Let F = Pi + Qj + Rk, then div F = ∂P/∂x + ∂Q/∂y + ∂R/∂z

∫∫∫[E] (div F dV) = ∫∫∫[E] ((∂P/∂x)dV) + ∫∫∫[E] ((∂Q/∂y)dV) + ∫∫∫[E] ((∂R/∂z)dV)

If n is the unit outward normal of S, then the surface integral ∫∫[S] (F ∙ dS) is

∫∫[S] (F ∙ dS) = ∫∫[S] (F ∙ n dS) = ∫∫[S] ((Pi + Qj + Rk) ∙ n dS)
= ∫∫[S] (Pi ∙ n dS) + ∫∫[S] (Qj ∙ n dS) + ∫∫[S] (Rk ∙ n dS)

To prove the divergence theorem, we need to prove the following three equations:
∫∫[S] (Pi ∙ n dS) = ∫∫∫[E] ((∂P/∂x)dV)
∫∫[S] (Qj ∙ n dS) = ∫∫∫[E] ((∂Q/∂y)dV)
∫∫[S] (Rk ∙ n dS) = ∫∫∫[E] ((∂R/∂z)dV)

We'll do the last one and make a note that they can all be done similarly.

We'll let E be a type 1 region and so E = {(x,y,z) | (x,y) in D, u₁(x,y) < z < u₂(x,y)}, where D is the projection of E onto the XY plane.  So

∫∫∫[E] ((∂R/∂z)dV) = ∫∫[D] (Int[u₁,u₂] ((∂R/∂z)(x,y,z)dz)  dA), and by the Fundamental Theorem of Calculus:

∫∫∫[E] ((∂R/∂z)dV) = ∫∫[D] ((R(x,y,u₂) - R(x,y,u₁))dA)

Hold onto that.  Now let's look at the other part of the equation.  The boundary surface S consists of three pieces:  bottom S₁, the top S₂, and a possibly vertical S₃ that lies above the boundary curve of D.  If, say, S were a sphere, S₃ wouldn't even really exist.

On S₃, we have k ∙ n = 0, because k is vertical and n is horizontal, and so

∫∫[S₃] (Rk ∙ n dS) = ∫∫[S₃] (0dS) = 0

And so, regardless of what surface we have, we can say, then, that

∫∫[S] (Rk ∙ n dS) = ∫∫[S₁] (Rk ∙ n dS) + ∫∫[S₂] (Rk ∙ n dS)

S₂ is z = u₂(x,y), (x,y) in D, ad the outward normal n points upward, so

∫∫[S₂] (Rk ∙ n dS) = ∫∫[D] (R(x,y,u₂)dA).
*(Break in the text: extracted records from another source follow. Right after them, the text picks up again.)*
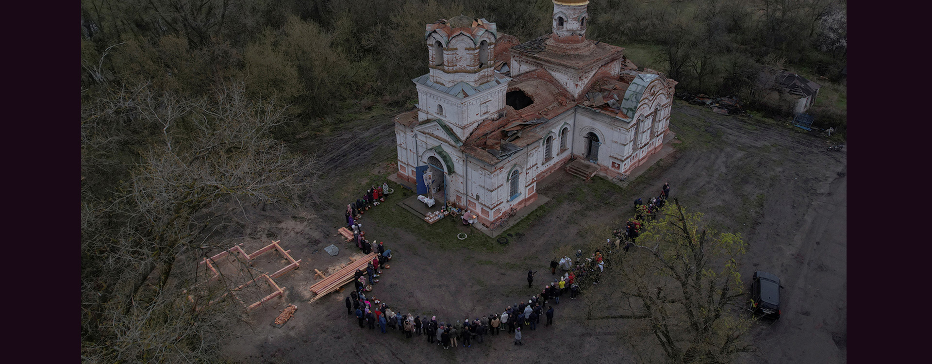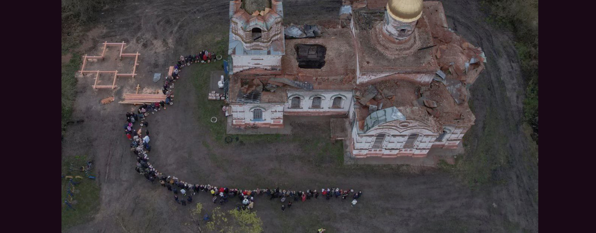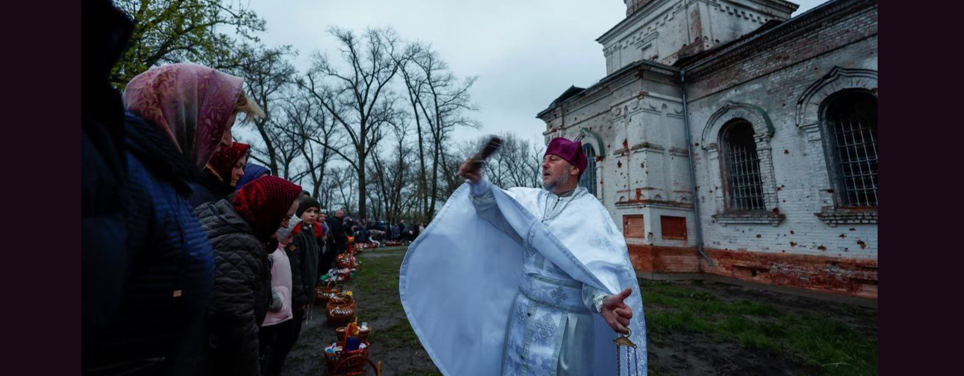 Жителі села Лукашівка Чернігівської області прийшли освячувати паски на свято Христового Воскресіння до Вознесенської церкви, яка пережила Другу світову, але не пережила повномасштабне вторгнення Росії в Україну. Під час окупації населеного пункту російські військові використовували будівлю як штаб і склад зброї та палива. Цей храм, який є пам'яткою архітектури, був знищений наприкінці березня 2022 року.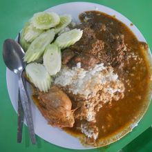 この日は朝からジョホーバルまでバスで移動しなければならないのでゲストハウスの近くで朝食を食べようと思い、探したらこの食堂がすぐ宿の近くにあったのでよかった。おかずを適当に選んでご飯の上に乗せてもらうシステムだ。 鶏肉など適当におかずを選ぶ。これで5RMだった。味には満足だった。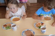 Мамы и папы, бабушки и дедушки хотят, чтобы ребёнок вырос не только сильным, но и здоровым. Здоровая и правильная еда для детского питания является источником всех витаминов и полезных веществ, нужных малышу для правильного развития. Растущий организм ребенка требует много энергии от него, ведь он постоянно бегает, играет, гуляет, познает все окружающее вокруг себя. Чтобы наполнять организм ребенка энергией, в пище должны быть жиры, белки, углеводы, минеральные вещества, витамины и вода. О правильности полезного питания можно очень долго спорить, но в любом случае в рационе малыша должны присутствовать супчики. Они не только очень полезны для растущего организма, но и хорошо действуют на пищеварительную систему ребёнка. В горячем, сытном и питательном супчике сохраняются все витамины, а благодаря жидкой основе супчик является самым лёгким блюдом. Дети младшей группы МБДОУ "Верхнеуслонский детский сад "Солнышко" очень любят супчики, поэтому растут здоровыми и крепкими!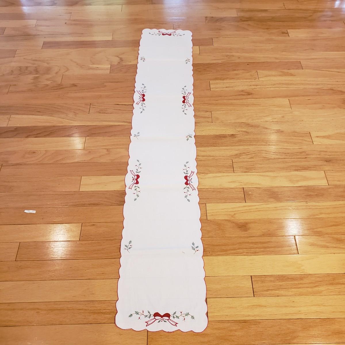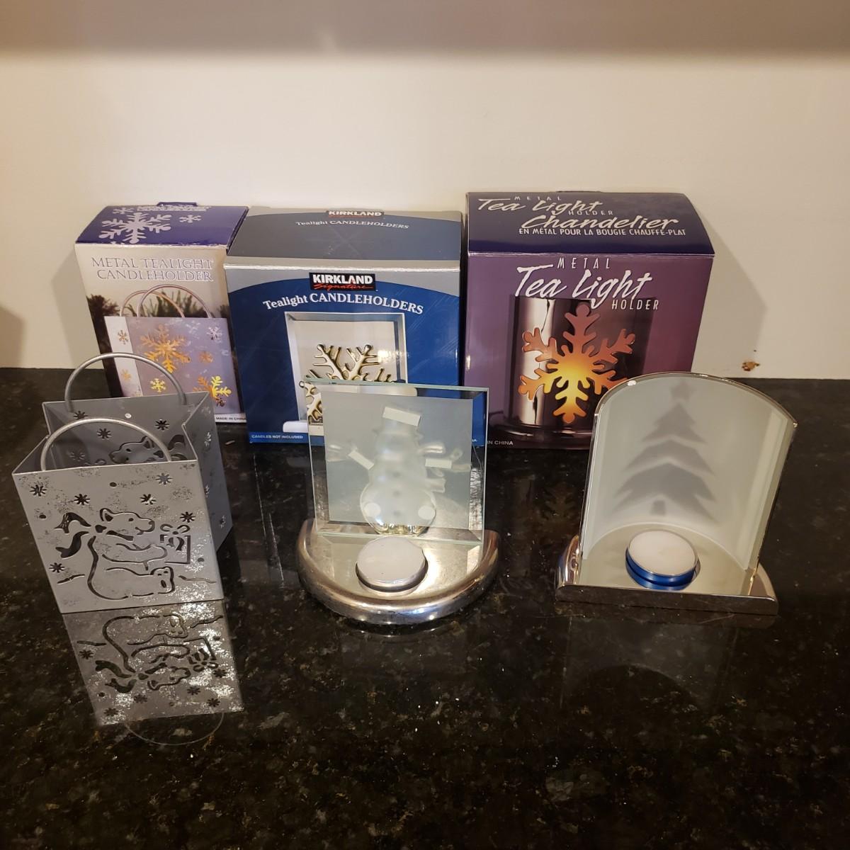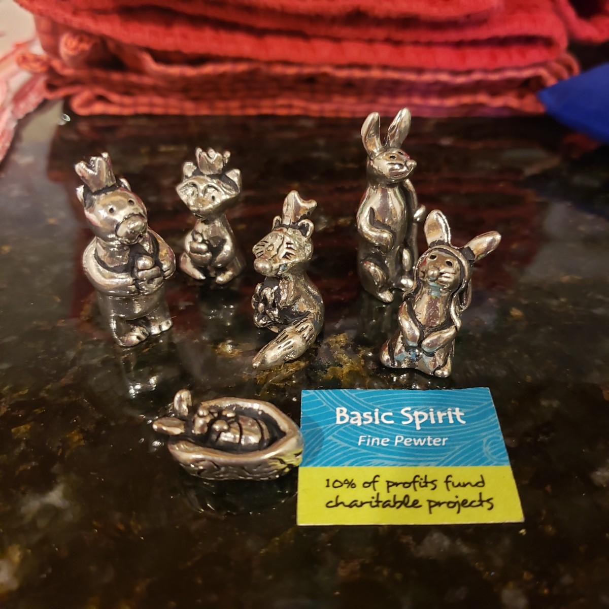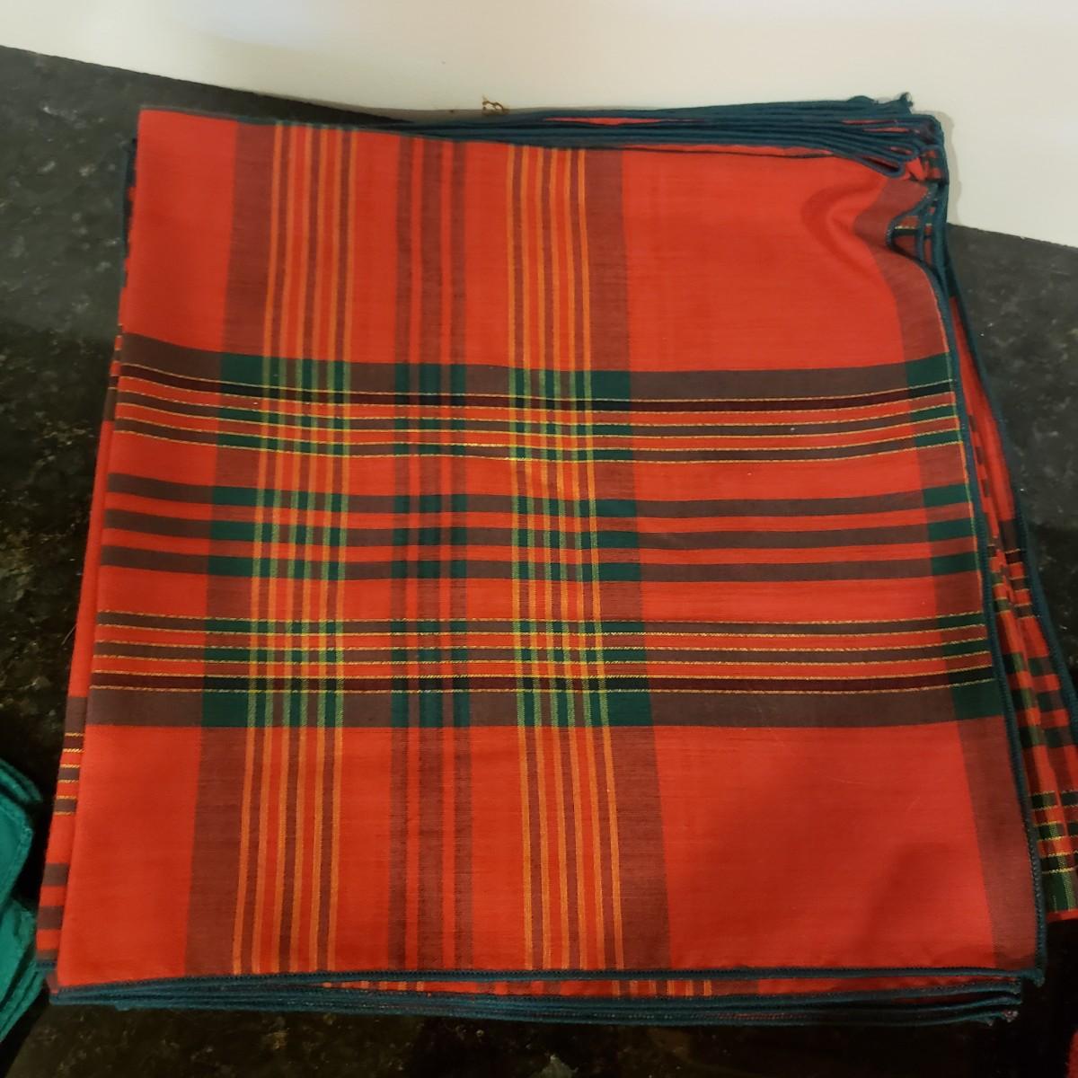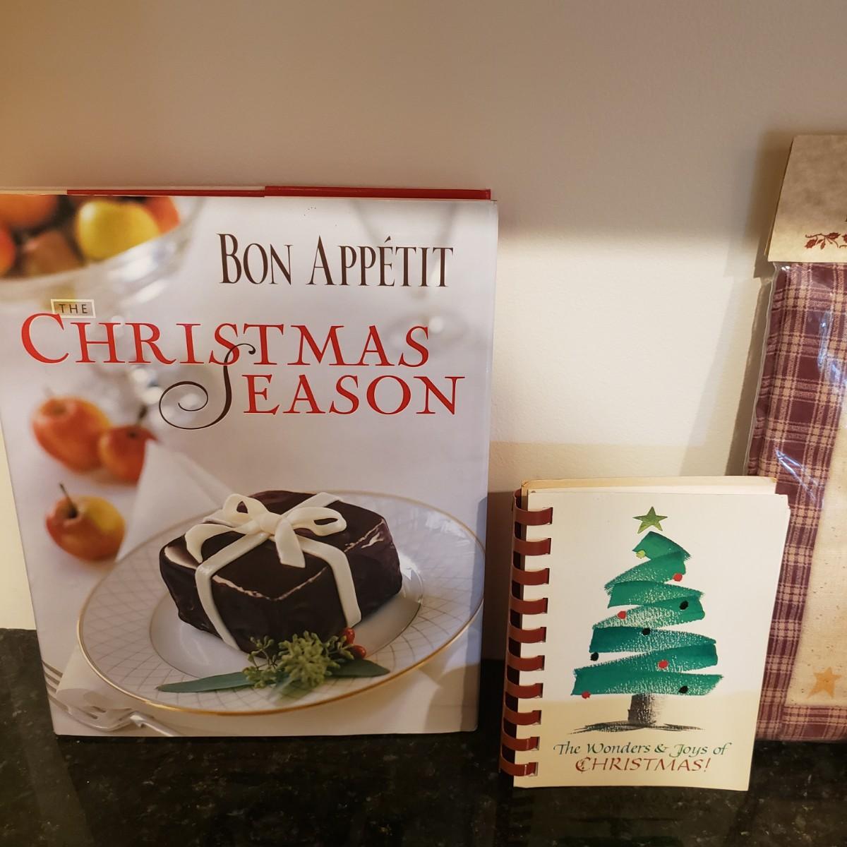 This Christmas lot features a Spode Christmas plate (6"), two Santa stockings, four small knives that are heavy, and a four piece linen, white placemat/napkin/table runner set. The Basic Spirt sets are pewter and hand crafted in Nova Scotia. They come in a blue velet bag. The only piece that had a marking was the tree, see picture. The Fitz and Floyd plate measures 10". There are eight red/gold cloth napkins. The green/red/gold rectangular table cloth measures 112" x 84". There are multiple Crate and Barrel candles. If the bottoms were not pictured, they did not have any markings. There are three NIB tapered 12" beeswax candles. See pictures for more details.

On S₁, z = u₁(x,y), (x,y) in D, but here the outward normal n points downward, so we have

∫∫[S₁] (Rk ∙ n dS) = -∫∫[D] (R(x,y,u₁)dA)

Thus,

∫∫[S] (Rk ∙ n dS) = ∫∫[D] ((R(x,y,u₂) - R(x,y,u₁))dA), which is what we had written before, and so the initial 3 equations we have sought out to prove, well, we proved one of them, and we could do this exact same sequence to prove the others by changing their region types.